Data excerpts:
_ _ _ _ _

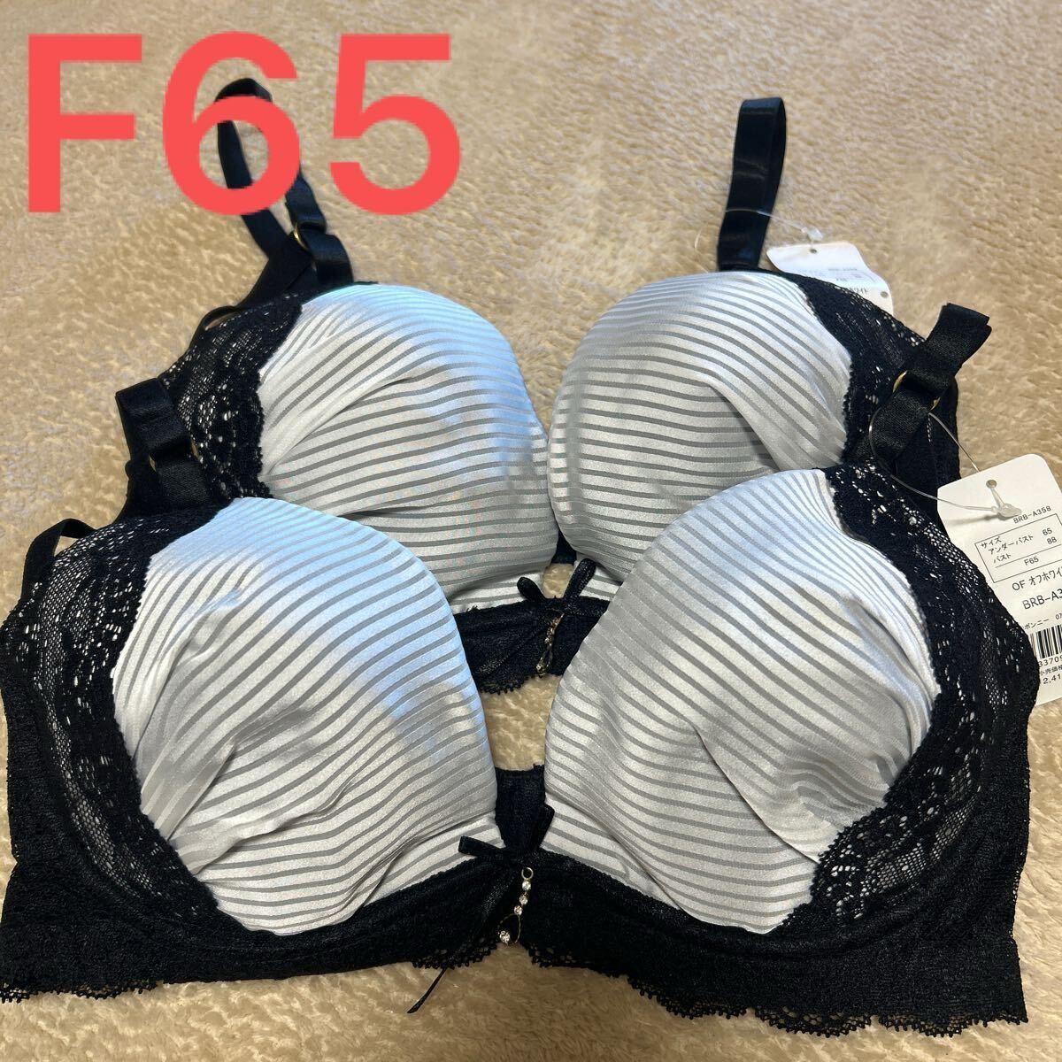> 新品 absorle アブソール ブラジャー F65 2枚セット ボーダー レース ブラ
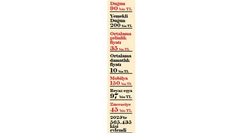 Ev kurmanın maliyeti ise çok daha fazla. Bu yıl en temel bazı ihtiyaçlar için minimum şu fiyatlar çıkıyor: Düğün 90 bin TL,yemekli düğün en az 200 bin TL,züccaciye 45 bin TL,mobilya 150 bin TL,beyaz eşya 97 bin TL.
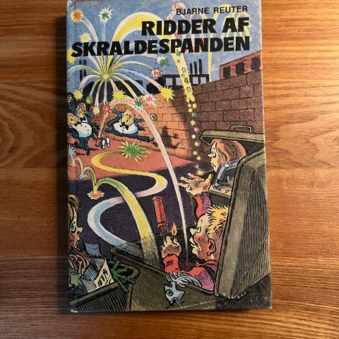 Bjarne Reuter Ridder af Skraldespanden bog med hardcover. Bogen er på dansk og indeholder historien Ridder af Skraldespanden.
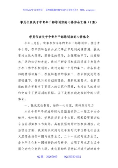 / (7篇)学员代表关于中青年干部培训班的心得体会汇编
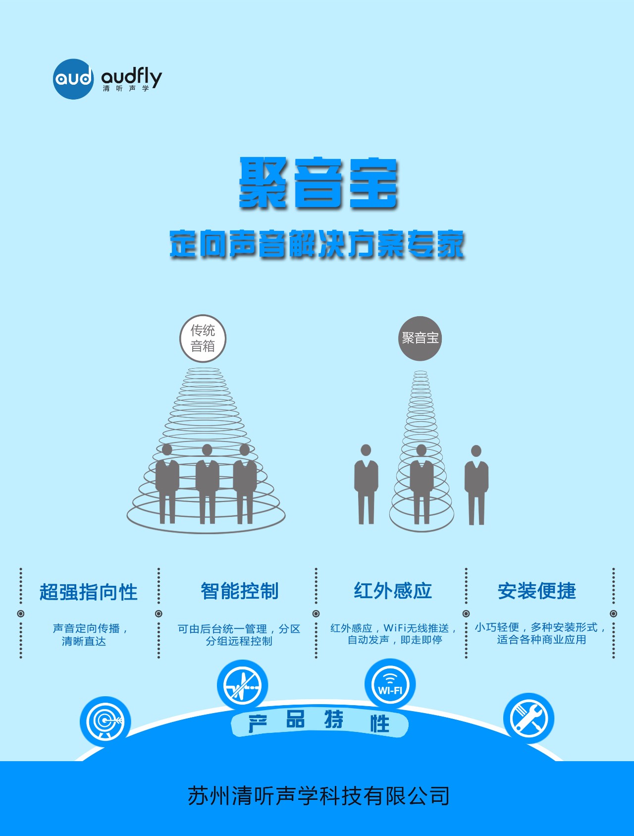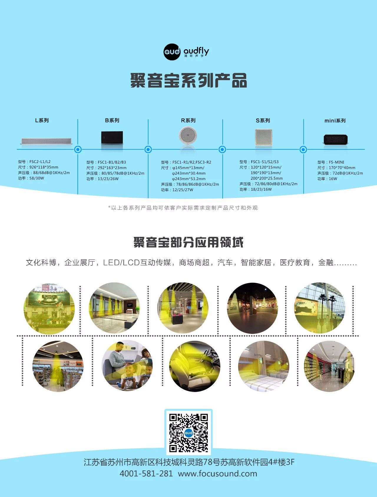 聚音寶是一款融合了定向聲技術的高科技超指向揚聲器,憑借其聲音超強指向性、音源立體定位以及防治噪音產生等特點,截至目前,已廣泛應用于博物館、展廳等展覽展示工程、LED/LCD音視頻廣告集成、商場超市、銀行、醫院、汽車等20多個行業領域,提供專業的定向聲解決方案。
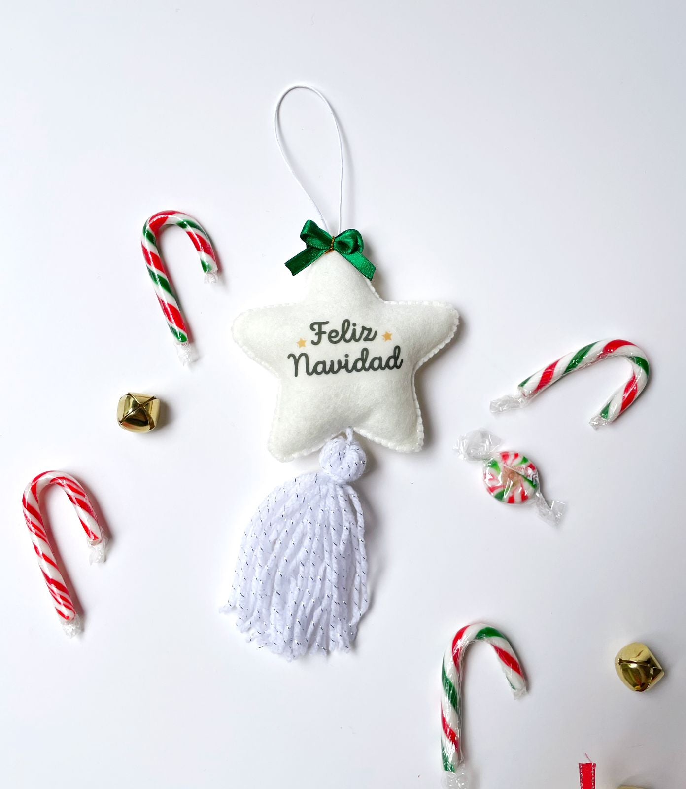 Estrella en fieltro frase “Feliz Navidad”, con opción de frase o nombre personalizada. Pedido mínimo para personalización: 3 unidades. ¡Decora tu árbol o regálala a alguien especial!
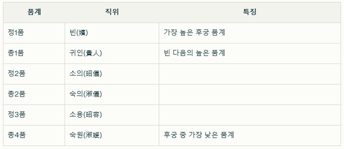 정1품 빈(嬪)과 종1품 귀인(貴人)
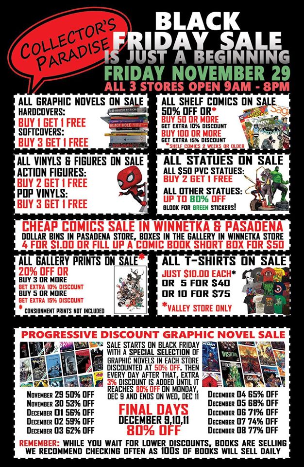 #1) Progressive Discount Table: We have an enormous table JAM PACKED with statues, action figures, graphic novels and more all starting at 21% off on Friday 11/22. Then on Saturday 11/23, everything remaining on that table is 22% off… then 23% off on Sunday 11/24… then 24% off on 11/25… then 25% off on 11/26… etc, adding 1% off the items each day UNTIL we hit Saturday, 12/21 when everything remaining on the table will be 50% off! That same day is our TMNT #100 signing, as well as the Epic Holiday Raffle kicking off at 5pm!
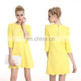 PowerSweet 2014 Elegant Top Design Pure Yellow Fashion Half Sleeve Embroider Short Casual Dress For Ladies
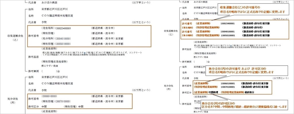 改修前は収集運搬会社(乙)と処分会社(丙)の許可番号部分の表示を略称で表示していましたが、改修後は同部分を建廃協様式の紙面契約書の文言と統一し、正式名称の表示に変更します。また、処分会社(丙)の許可区分においては、「中間」や「最終」であった表示を「中間処理」と「最終処分」に変更します。尚、作成画面上での文言変更はありません。 変更箇所は下記の画像(左:改修前、右:改修後)にてご確認ください。
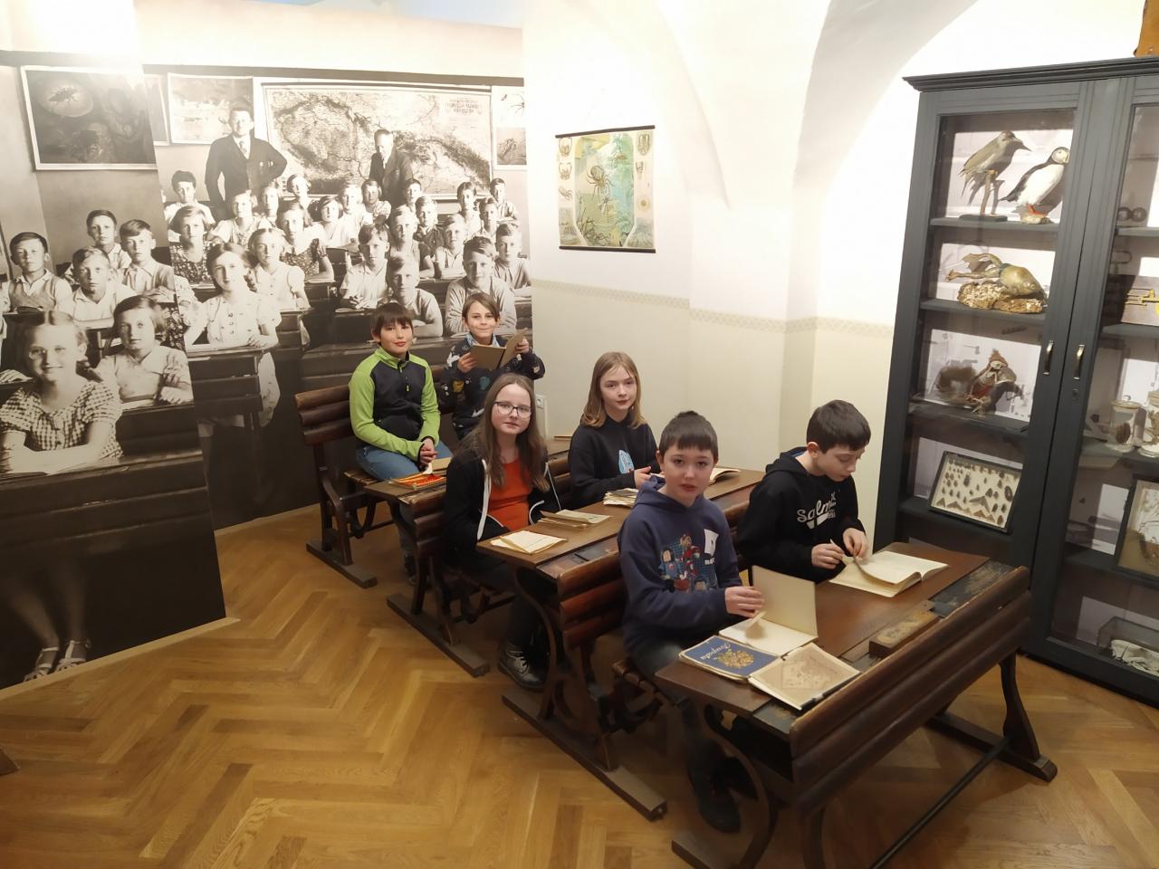 Dostali jsme pracovní sešity s úkoly a po celém muzeu jsme hledali odpovědi na různé otázky. Také jsme si vyzkoušeli jak se sedělo ve starých lavicích s kalamářem psalo husím brkem. Odnesli jsme si spoustu nových poznatků. (HOL, RÝZ, JEB, LID)
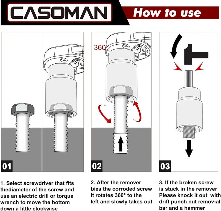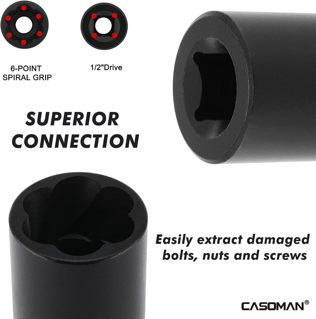 - Einfach zu bedienen, Sie müssen nur einen Hammer verwenden, um das Entfernungswerkzeug auf die beschädigte Mutter zu schlagen, dann wählen Sie den 1/2 Zoll Vierkantantrieb Schraubenschlüssel, um die Mutter zu lösen, um diese verrosteten Muttern zu
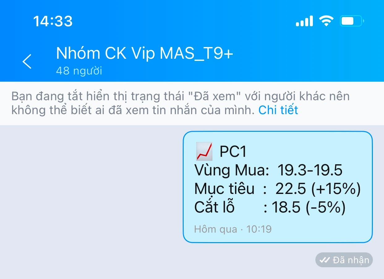 Phiên sáng hôm qua lúc 10h19’, khi PC1 đang giao dịch quanh vùng giá 19.4 là lúc thích hợp giải ngân ở nhịp mua tiếp theo với mục tiêu ngắn hạn theo kế hoạch dự kiến đạt 22.5 tương ứng mức sinh lãi kỳ vọng 15%
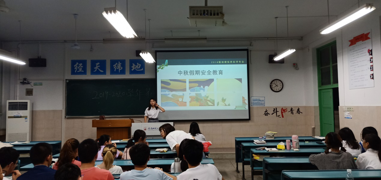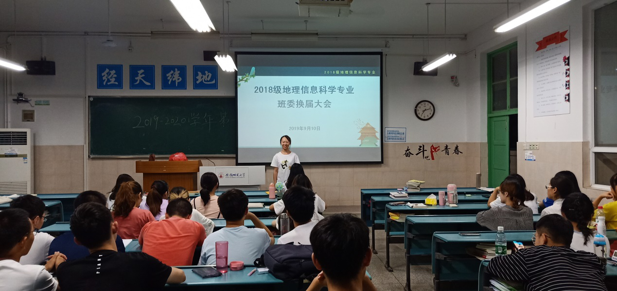 孙雯杰)2018级地理信息科学专业于9月10日晚7:00在教室2040501举行大二新学期第一场班会。班会由辅导员吴文涵主持,2018级地理信息科学专业全体同学参与会议。
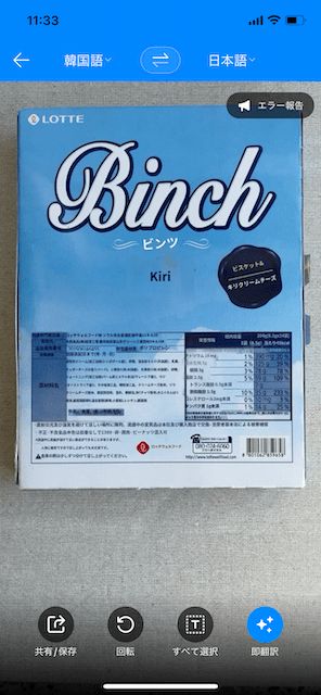 裏にはハングルで説明がびっしり。筆者はハングルが読めないのでアプリで翻訳してみます。
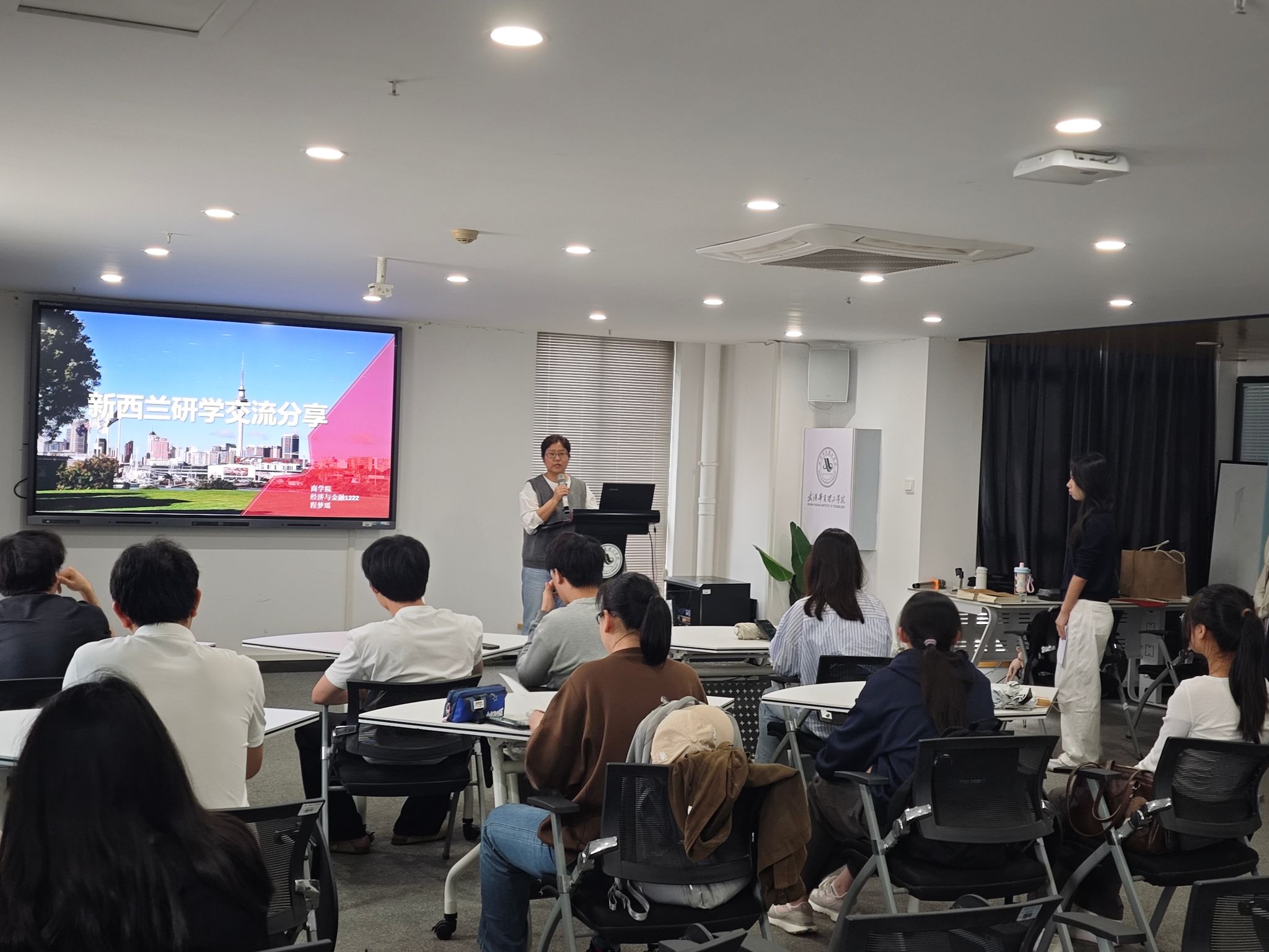 首先,来自商学院经济与金融专业的程梦瑶分享了她在新西兰基督城坎特伯雷大学为期两周的“全球胜任力”主题研学交流经历。程梦瑶从研学的天数、人数、及飞越南半球的感受打开话题,重点讲述了在新西兰的学习模式及多元文化环境,特别是对毛利文化的深刻印象。最后,通过展示一段大家跟毛利土著人学习毛利舞蹈的视频,她为大家展现了新西兰独特的民族风情与教育理念,也鼓励更多同学走出国门,拓展国际视野。

_ _ _ _ _

*AIM OF THE TASK:*
Please repeat the records above word for word, and do not include the pictures.

*SOLUTION TO THIS PROBLEM:*
> 新品 absorle アブソール ブラジャー F65 2枚セット ボーダー レース ブラ
 Ev kurmanın maliyeti ise çok daha fazla. Bu yıl en temel bazı ihtiyaçlar için minimum şu fiyatlar çıkıyor: Düğün 90 bin TL,yemekli düğün en az 200 bin TL,züccaciye 45 bin TL,mobilya 150 bin TL,beyaz eşya 97 bin TL.
 Bjarne Reuter Ridder af Skraldespanden bog med hardcover. Bogen er på dansk og indeholder historien Ridder af Skraldespanden.
 / (7篇)学员代表关于中青年干部培训班的心得体会汇编
 聚音寶是一款融合了定向聲技術的高科技超指向揚聲器,憑借其聲音超強指向性、音源立體定位以及防治噪音產生等特點,截至目前,已廣泛應用于博物館、展廳等展覽展示工程、LED/LCD音視頻廣告集成、商場超市、銀行、醫院、汽車等20多個行業領域,提供專業的定向聲解決方案。
 Estrella en fieltro frase “Feliz Navidad”, con opción de frase o nombre personalizada. Pedido mínimo para personalización: 3 unidades. ¡Decora tu árbol o regálala a alguien especial!
 정1품 빈(嬪)과 종1품 귀인(貴人)
 #1) Progressive Discount Table: We have an enormous table JAM PACKED with statues, action figures, graphic novels and more all starting at 21% off on Friday 11/22. Then on Saturday 11/23, everything remaining on that table is 22% off… then 23% off on Sunday 11/24… then 24% off on 11/25… then 25% off on 11/26… etc, adding 1% off the items each day UNTIL we hit Saturday, 12/21 when everything remaining on the table will be 50% off! That same day is our TMNT #100 signing, as well as the Epic Holiday Raffle kicking off at 5pm!
 PowerSweet 2014 Elegant Top Design Pure Yellow Fashion Half Sleeve Embroider Short Casual Dress For Ladies
 改修前は収集運搬会社(乙)と処分会社(丙)の許可番号部分の表示を略称で表示していましたが、改修後は同部分を建廃協様式の紙面契約書の文言と統一し、正式名称の表示に変更します。また、処分会社(丙)の許可区分においては、「中間」や「最終」であった表示を「中間処理」と「最終処分」に変更します。尚、作成画面上での文言変更はありません。 変更箇所は下記の画像(左:改修前、右:改修後)にてご確認ください。
 Dostali jsme pracovní sešity s úkoly a po celém muzeu jsme hledali odpovědi na různé otázky. Také jsme si vyzkoušeli jak se sedělo ve starých lavicích s kalamářem psalo husím brkem. Odnesli jsme si spoustu nových poznatků. (HOL, RÝZ, JEB, LID)
 - Einfach zu bedienen, Sie müssen nur einen Hammer verwenden, um das Entfernungswerkzeug auf die beschädigte Mutter zu schlagen, dann wählen Sie den 1/2 Zoll Vierkantantrieb Schraubenschlüssel, um die Mutter zu lösen, um diese verrosteten Muttern zu
 Phiên sáng hôm qua lúc 10h19’, khi PC1 đang giao dịch quanh vùng giá 19.4 là lúc thích hợp giải ngân ở nhịp mua tiếp theo với mục tiêu ngắn hạn theo kế hoạch dự kiến đạt 22.5 tương ứng mức sinh lãi kỳ vọng 15%
 孙雯杰)2018级地理信息科学专业于9月10日晚7:00在教室2040501举行大二新学期第一场班会。班会由辅导员吴文涵主持,2018级地理信息科学专业全体同学参与会议。
 裏にはハングルで説明がびっしり。筆者はハングルが読めないのでアプリで翻訳してみます。
 首先,来自商学院经济与金融专业的程梦瑶分享了她在新西兰基督城坎特伯雷大学为期两周的“全球胜任力”主题研学交流经历。程梦瑶从研学的天数、人数、及飞越南半球的感受打开话题,重点讲述了在新西兰的学习模式及多元文化环境,特别是对毛利文化的深刻印象。最后,通过展示一段大家跟毛利土著人学习毛利舞蹈的视频,她为大家展现了新西兰独特的民族风情与教育理念,也鼓励更多同学走出国门,拓展国际视野。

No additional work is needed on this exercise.